I wasn't scared about having surgery. There is a day when I would have been. But there also was a day when I was scared about getting on an airplane.
I'm not sure when I stopped being a fraidy cat -when my kids grew up, I guess.
Anyway, I wasn't too worried about the "little trim" on my knee ligament. My husband drove me to the surgical center for my 7:15 a.m. appointment last week.
"You don't have to stay," I told him as we left the house. "Just drop me off and come back home.
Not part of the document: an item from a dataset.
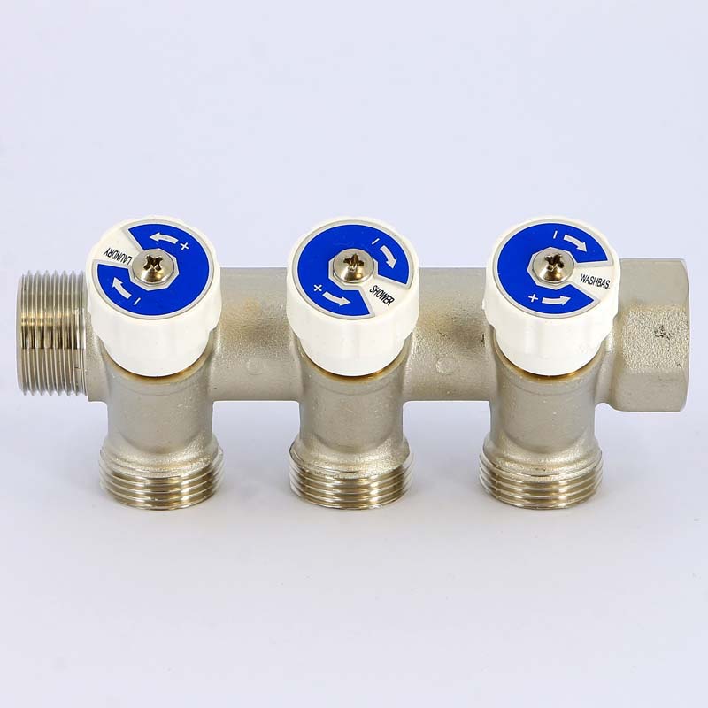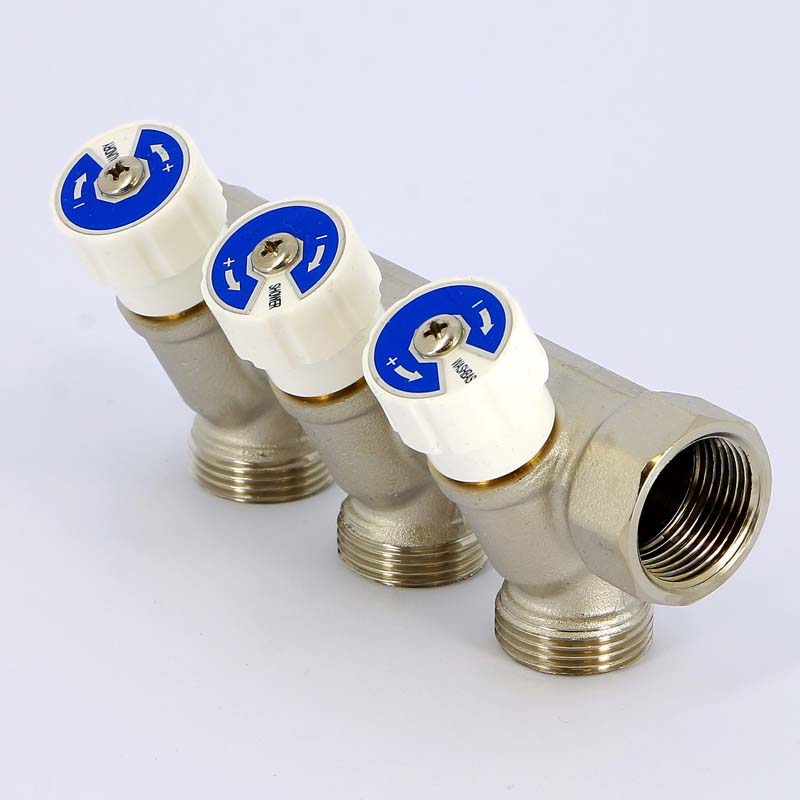 Штампованные коллекторы данной серии имеют два, три или четыре отвода. Каждый отвод оснащен запорно-регулирующим вентилем, позволяющим отключить или отрегулировать поток воды. Такая конструкция позволяет получить коллектор с необходимым количеством отводов, просто соединив между собой несколько коллекторов. Каждый коллектор подвергается в заводских условиях проверке на функционирование и герметичность уплотнений. Для герметизации используются уплотнительные элементы из EPDM.

They'll call you when I'm done."
"OK. We'll see what happens," he said.
We pulled into the parking lot and I said again, "Just drop me off."
"Don't be silly," he said. "I'll come in with you and see what's going on."
So we went into the waiting room, and I went to the front desk where the woman put a plastic name bracelet on my wrist and told me to take a seat.
I sat next to my husband who was reading one of the newspapers I had brought with me.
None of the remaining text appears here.